There is no doubt that we underestimate the damage impaired sleep can do. Paul Martin, in his recent book, "Counting Sheep", says that:

"Sleep deserves much more attention in science, medicine, education, social policy and, most of all, in our everyday lives."

As he remarks, sleep is taken for granted,

"an inglorious example of familiarity breeding contempt."

It is only when we lose the ability to sleep, that we appreciate its value : after all, we are likely on average to spend a third of our lives asleep, around 25 years!

We spend more time sleeping than on many other activities, and unlike other activity, we cannot ?save time' by getting someone else to do it for us, and if we cut down too much, the effect on our waking hours can be disastrous.

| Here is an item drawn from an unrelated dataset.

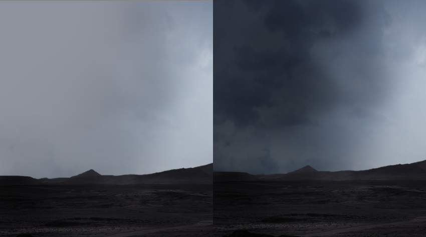 创建一个新层,改变模式为叠加100%,充满50%的灰色。使用减淡和加深工具画明亮的边缘轮廓的岩石,它应该被背景光,还有油漆岩石的更多细节。

As many car accidents are caused by tiredness as by drink-driving. We can do without food for longer than we can do without sleep.

Modern society as a whole is chronically sleep-deprived. Since Edison gave us light ?on tap', our waking hours are no longer tied to natural rhythms of daylight and darkness. 

The margins are blurred and our 24/7 world puts us on a treadmill it can be hard to escape.

However, sleeplessness is by no means a new problem. Medical literature from the 19th. Century shows that sleeplessness and ?stress' were recognised problems.